**PROVIDED RECORDS**

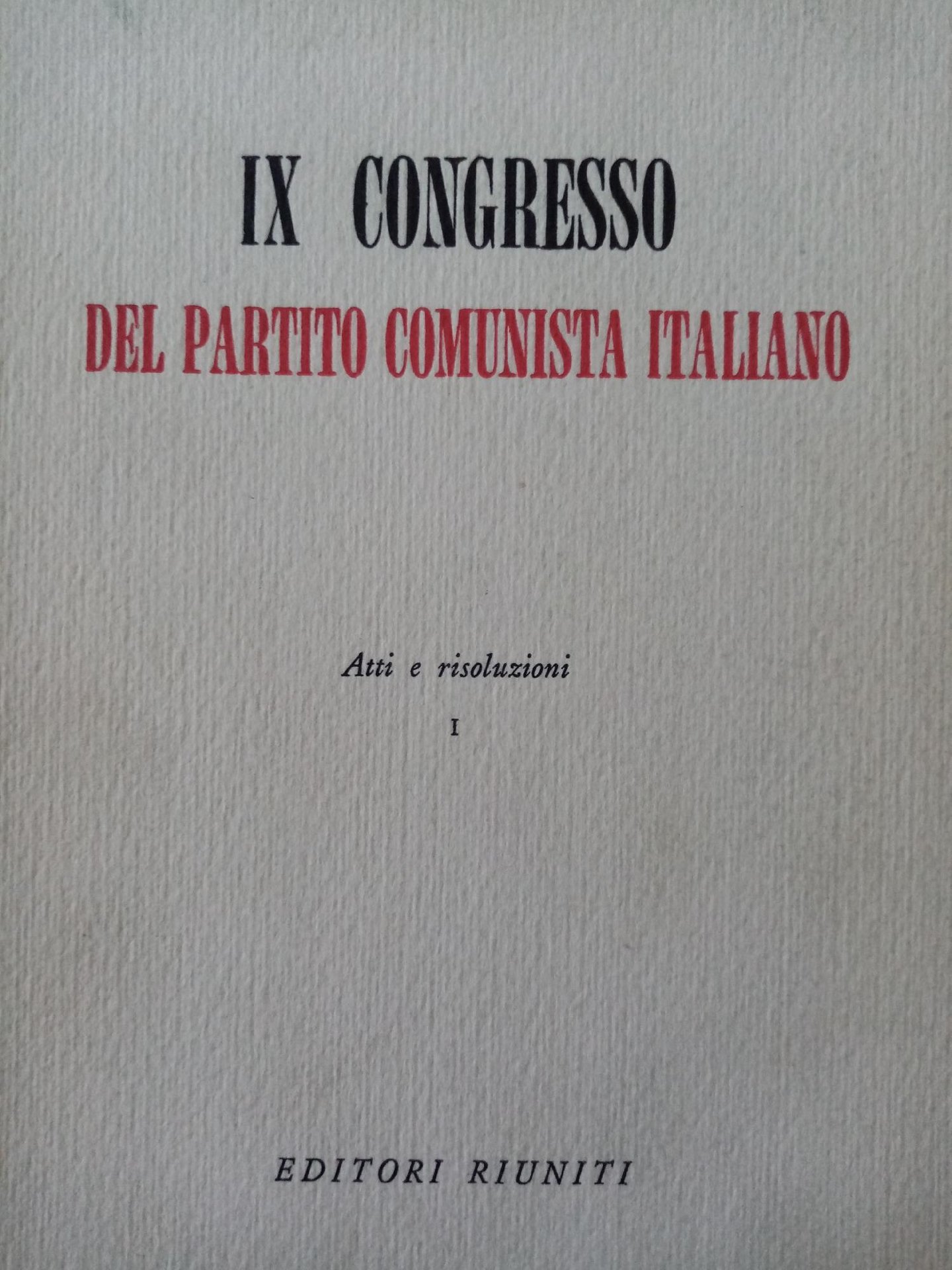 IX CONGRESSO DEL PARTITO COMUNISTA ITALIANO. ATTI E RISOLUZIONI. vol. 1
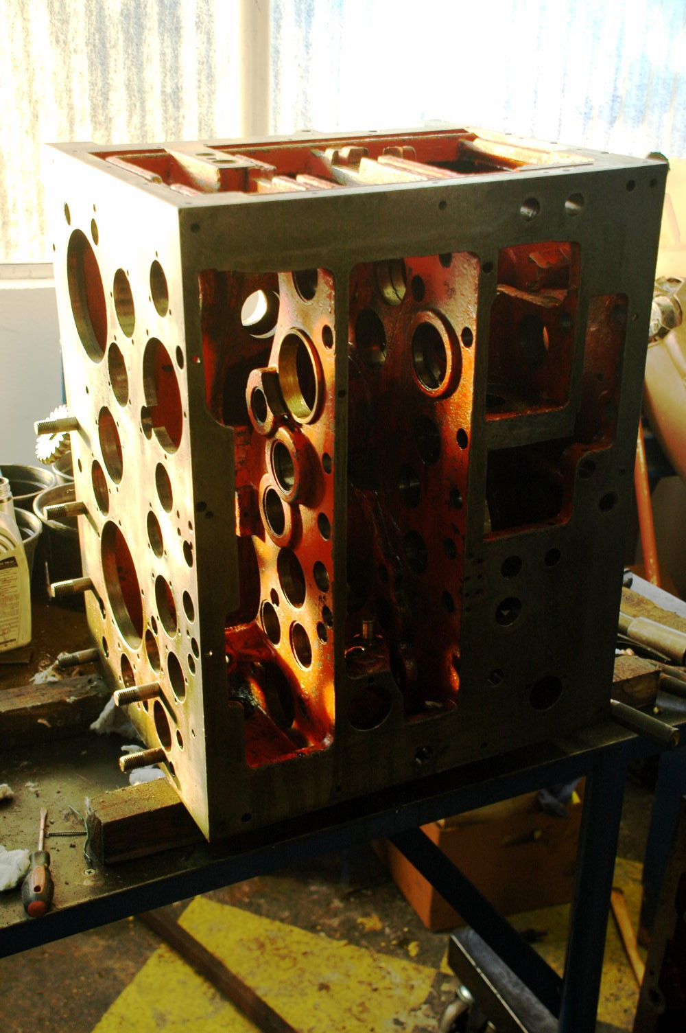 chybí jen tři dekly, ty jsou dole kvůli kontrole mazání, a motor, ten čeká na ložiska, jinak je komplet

* * *

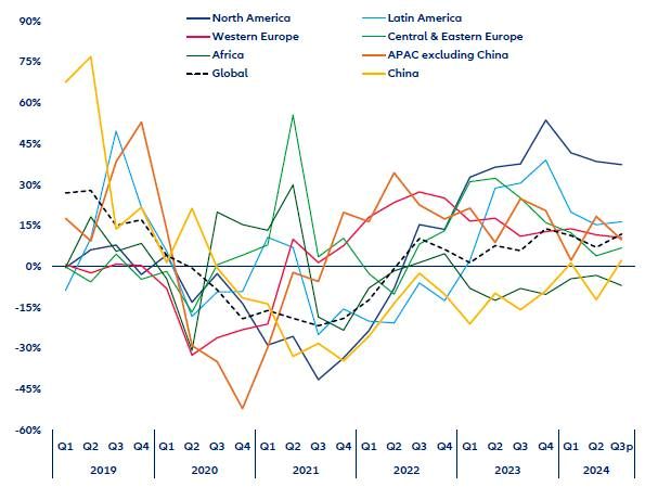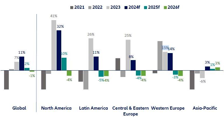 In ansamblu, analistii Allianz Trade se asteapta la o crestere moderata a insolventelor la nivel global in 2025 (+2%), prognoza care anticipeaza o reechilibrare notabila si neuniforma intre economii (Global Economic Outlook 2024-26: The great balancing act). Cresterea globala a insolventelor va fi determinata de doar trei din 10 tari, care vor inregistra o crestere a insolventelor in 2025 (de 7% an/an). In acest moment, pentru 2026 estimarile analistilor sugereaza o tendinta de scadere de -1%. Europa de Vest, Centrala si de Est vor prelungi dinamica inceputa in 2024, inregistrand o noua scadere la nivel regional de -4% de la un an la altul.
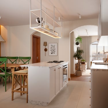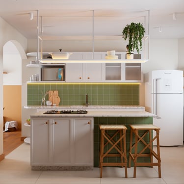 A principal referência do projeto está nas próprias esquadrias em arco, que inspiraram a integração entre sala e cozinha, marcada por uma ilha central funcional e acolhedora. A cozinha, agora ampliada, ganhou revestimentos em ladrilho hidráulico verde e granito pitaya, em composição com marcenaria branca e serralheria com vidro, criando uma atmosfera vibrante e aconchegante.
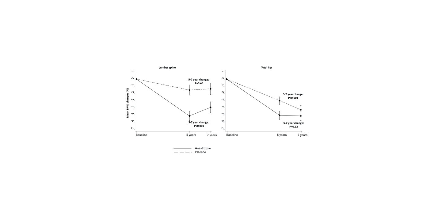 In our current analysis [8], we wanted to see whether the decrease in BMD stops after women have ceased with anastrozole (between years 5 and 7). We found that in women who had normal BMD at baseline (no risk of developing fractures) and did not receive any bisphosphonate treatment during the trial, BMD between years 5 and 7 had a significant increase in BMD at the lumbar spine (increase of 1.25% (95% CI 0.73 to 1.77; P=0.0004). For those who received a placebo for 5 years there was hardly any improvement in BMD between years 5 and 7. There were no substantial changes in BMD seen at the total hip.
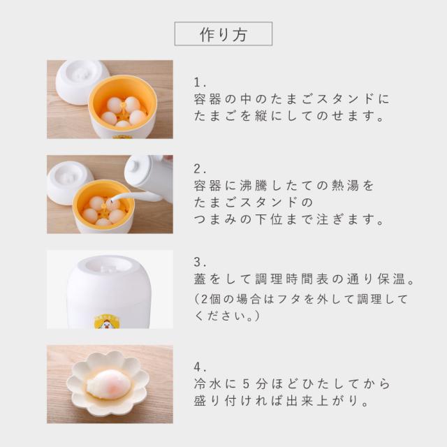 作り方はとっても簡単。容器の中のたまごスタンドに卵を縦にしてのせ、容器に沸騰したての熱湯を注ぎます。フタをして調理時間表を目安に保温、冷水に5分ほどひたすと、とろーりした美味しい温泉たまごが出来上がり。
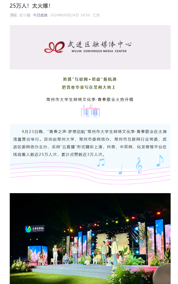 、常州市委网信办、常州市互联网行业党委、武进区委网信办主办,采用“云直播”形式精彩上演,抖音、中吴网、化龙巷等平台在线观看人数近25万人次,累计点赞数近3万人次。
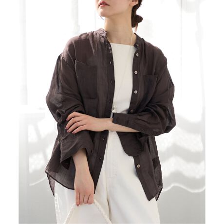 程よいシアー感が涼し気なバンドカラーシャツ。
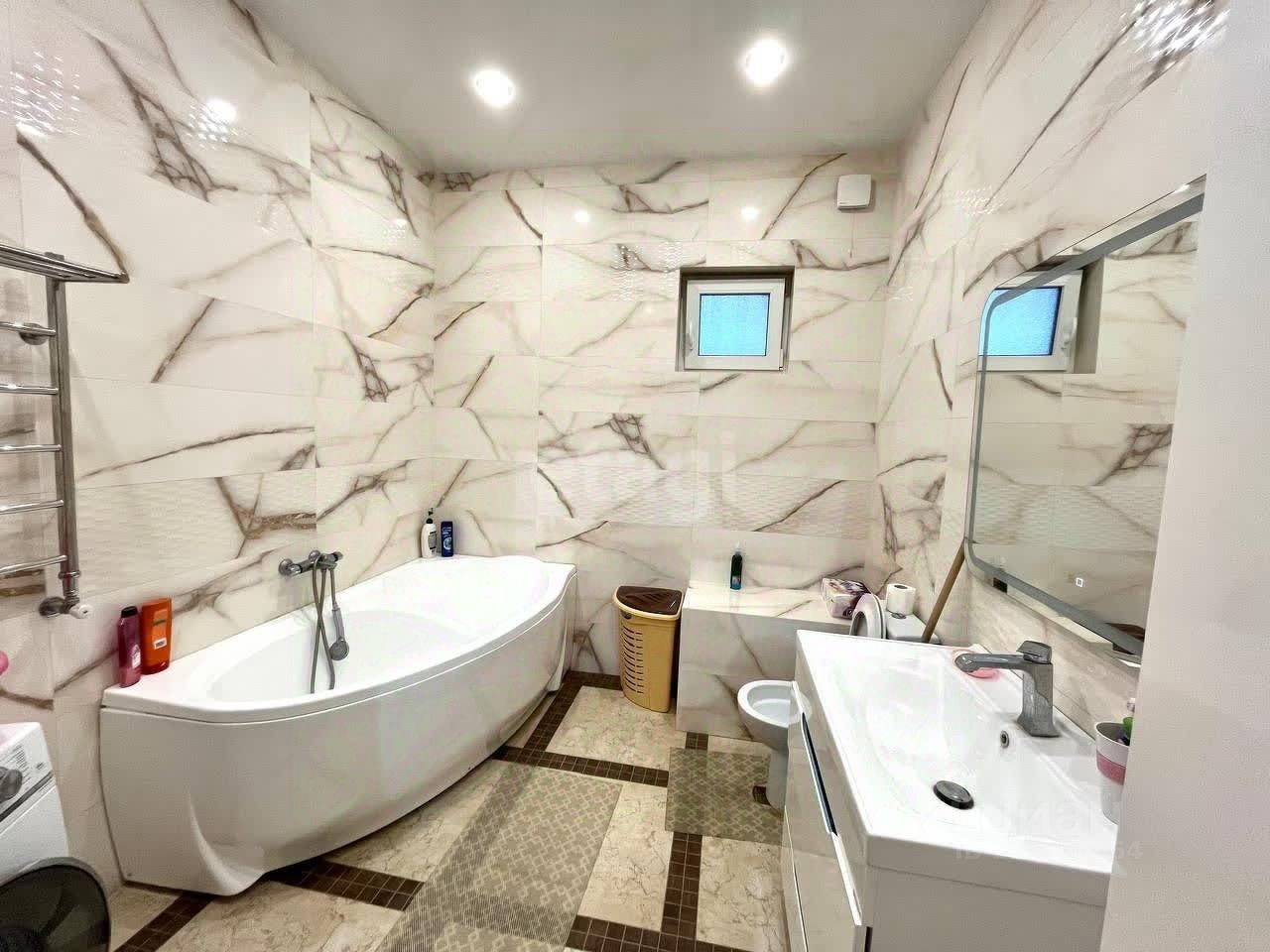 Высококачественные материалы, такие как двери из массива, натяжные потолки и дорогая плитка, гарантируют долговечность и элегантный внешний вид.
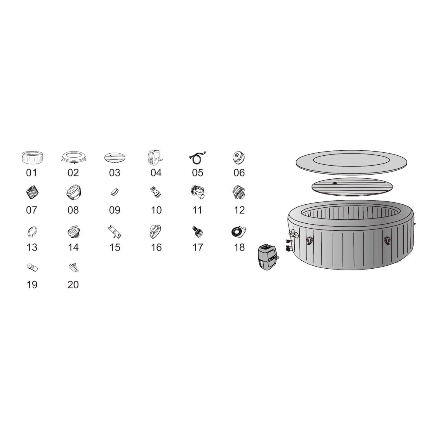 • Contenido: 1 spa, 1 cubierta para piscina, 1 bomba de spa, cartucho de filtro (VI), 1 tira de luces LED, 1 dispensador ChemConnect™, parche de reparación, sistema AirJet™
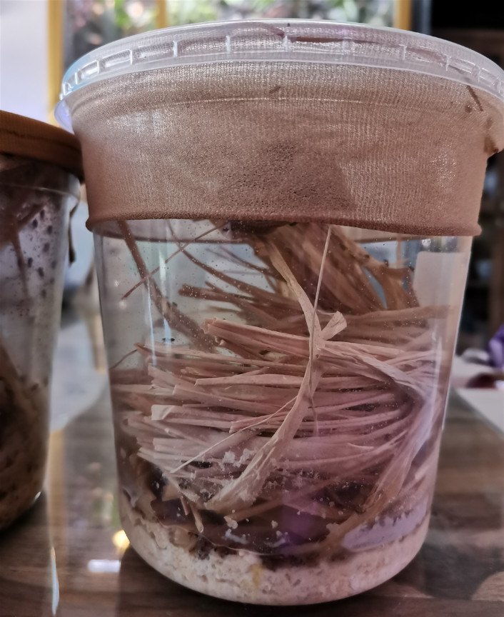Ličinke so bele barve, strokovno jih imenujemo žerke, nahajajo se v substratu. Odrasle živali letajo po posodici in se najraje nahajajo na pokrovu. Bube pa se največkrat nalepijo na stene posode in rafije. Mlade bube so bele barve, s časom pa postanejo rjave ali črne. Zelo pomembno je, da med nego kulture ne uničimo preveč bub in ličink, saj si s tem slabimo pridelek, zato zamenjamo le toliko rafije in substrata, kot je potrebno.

**EXERCISE PROMPT**
Going back to the data above, write out everything from the line with "IX CONGRESSO DEL" down to the line with "chybí jen tři", both included, leaving every picture out.

**ANSWER BOX**
 IX CONGRESSO DEL PARTITO COMUNISTA ITALIANO. ATTI E RISOLUZIONI. vol. 1
 chybí jen tři dekly, ty jsou dole kvůli kontrole mazání, a motor, ten čeká na ložiska, jinak je komplet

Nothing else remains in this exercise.